Pigz is a crazee fast compression utility, as it can scale in parallel to the number of threads available to a computer, however it is not designed to be easy to use, it is easily installed with:
sudo apt install pigz -y
Using it can really trick you, if you set off to use it like zip (-r) with compression you would think it would work the same and it seemingly does!
pigz --fast -r coding_new.zip coding_new
Naturally this looks like it would quickly create 'coding_new.zip' a new zip file recursively pulling from the coding_new directory.
- The command completely works, but will trick the person into thinking it is building like the 'zip -r' command, but what it is actually doing is is recursively crawling the directory AND the coding_new.zip and whatever files it finds it is building a single .gz file and then leaving it in the recursive directories it is crawling!
- This can be a disaster as it can muck directory structures, the following script will clean this back:
f=$(find . -type f -name "*.gz")
for file in $f; do
printf "Unzipping $file\n"
gunzip $file
done
- The above will reverse an inadvertent pigz that may even have been run multiple times.

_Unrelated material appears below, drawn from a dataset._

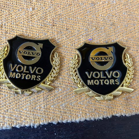 Skoda Motors emblem i sort og guld. Emblemet har en skjoldform med grøn og sort farve samt guld detaljer. Bagsiden har 3M klistermærker til nem montering. Passer til brug på biler eller som dekorativt tilbehør. To styk. Lavet i metal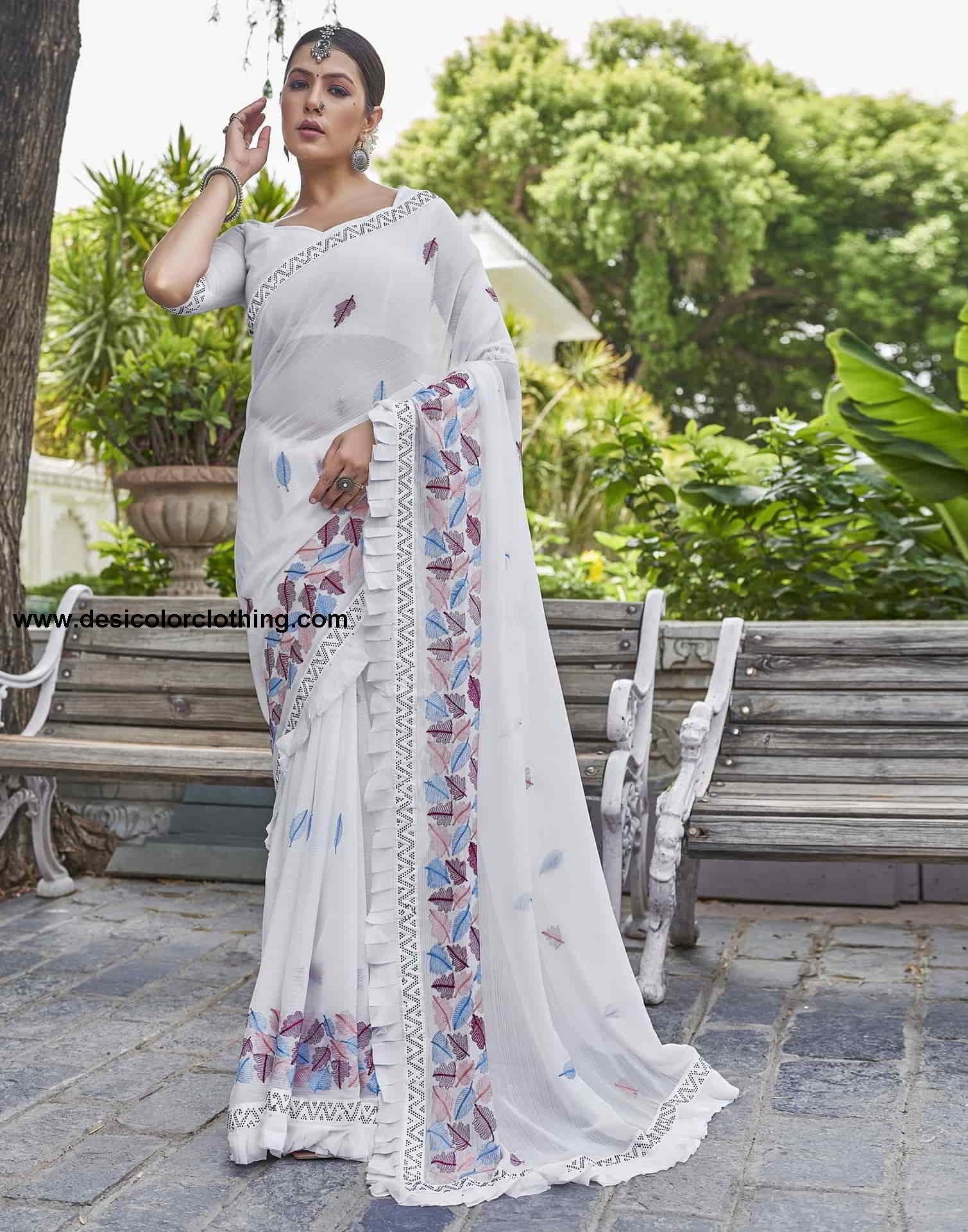 Blouse Color:White Blouse Fabric:Georgette Blouse Length:0.80 Mtr Blouse Work:Plain, Stone Work Saree Color:White, Multi Saree Fabric:Georgette Saree Length:5.50 Mtr Saree Work:Plain, Embroidery, Stone Work Border, Ruffle Lace Type:Embroidery

Save it to a script and enable it as an executable with:
chmod +x unpigz.sh
Here is the correct way to get a clean single .gz file that is recursively built, it literally built a 3 GB .gz single file from 73,000 files in about 12 seconds on a 24-core Ryzen 9. That's fast!

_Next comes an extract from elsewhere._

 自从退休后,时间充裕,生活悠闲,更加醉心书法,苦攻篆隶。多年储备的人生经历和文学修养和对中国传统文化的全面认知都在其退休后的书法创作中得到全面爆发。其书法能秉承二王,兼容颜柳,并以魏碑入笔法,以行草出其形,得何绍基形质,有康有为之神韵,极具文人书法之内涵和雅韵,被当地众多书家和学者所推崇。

# Check if pigz is installed
if ! command -v pigz &> /dev/null; then
echo "Error: pigz is not installed. Please install it."
exit 1
fi
# Check if tar is installed
if ! command -v tar &> /dev/null; then
echo "Error: tar is not installed. Please install it."
exit 1
fi
# Check if exactly two parameters are provided
if [ $# -ne 2 ]; then
echo "Usage: $0 <directory_to_compress> <output_tar_gz>"
exit 1
fi
INPUT_DIR="$1"
OUTPUT_FILE="$2"
# Check if the first parameter is a directory
if [ ! -d "$INPUT_DIR" ]; then
echo "Error: '$INPUT_DIR' is not a directory."
exit 1
fi
# Check if the second parameter ends with .gz
if [[ ! "$OUTPUT_FILE" =~ \.gz$ ]]; then
echo "Error: Output file '$OUTPUT_FILE' must end with .gz"
exit 1
fi
# Get number of CPU cores for pigz
THREADS=$(nproc)
# Compress the directory using tar and pigz
echo "Compressing '$INPUT_DIR' to '$OUTPUT_FILE' with $THREADS threads..."
tar -c -C "$INPUT_DIR" . | pigz -p "$THREADS" > "$OUTPUT_FILE"
# Check if compression was successful
if [ $? -eq 0 ]; then
echo "Compression completed successfully. Output: $OUTPUT_FILE"
else
echo "Error: Compression failed."
exit 1
fi
Let's time it, this time the script will behave very similar to a zip -r however when it activates all the cores, we get:
time ./pigzip.sh coding_new coding.gz
Compressing 'coding_new' to 'coding.gz' with 24 threads...
Compression completed successfully. Output: coding.gz
real 0m15.006s
To get the size of the folder exactly in bytes
du -sb coding_new
Which gives us: 6533415246 / 15 -> 435 MB/s effectively the saturation speed of the SSD reading it.
That's fast!
Now to unzip it, we can apply a final script for that again:
#!/bin/bash
# Check if pigz is installed
if ! command -v pigz &> /dev/null; then
echo "Error: pigz is not installed. Please install it."
exit 1
fi
# Check if tar is installed
if ! command -v tar &> /dev/null; then
echo "Error: tar is not installed. Please install it."
exit 1
fi
# Check if exactly one parameter is provided
if [ $# -ne 1 ]; then
echo "Usage: $0 <input_tar_gz>"
exit 1
fi
INPUT_FILE="$1"
# Check if the input file exists
if [ ! -f "$INPUT_FILE" ]; then
echo "Error: '$INPUT_FILE' does not exist."
exit 1
fi
# Check if the input file ends with .gz
if [[ ! "$INPUT_FILE" =~ \.gz$ ]]; then
echo "Error: Input file '$INPUT_FILE' must end with .gz"
exit 1
fi
# Get number of CPU cores for pigz
THREADS=$(nproc)
# Extract the tar.gz file using pigz and tar
echo "Extracting '$INPUT_FILE' with $THREADS threads..."
pigz -dc -p "$THREADS" "$INPUT_FILE" | tar -x
# Check if extraction was successful
if [ $? -eq 0 ]; then
echo "Extraction completed successfully."
else
echo "Error: Extraction failed."
exit 1
fi
The same process is applied:
time unzip.sh file.gz
On a fresh 8-core 16-thread laptop it was blisteringly fast to rebuild this file:
Extracting 'coding.gz' with 16 threads...
Extraction completed successfully.
real 0m21.059s
user 0m19.741s
sys 0m19.262s
Which again is saturating the SSD itself!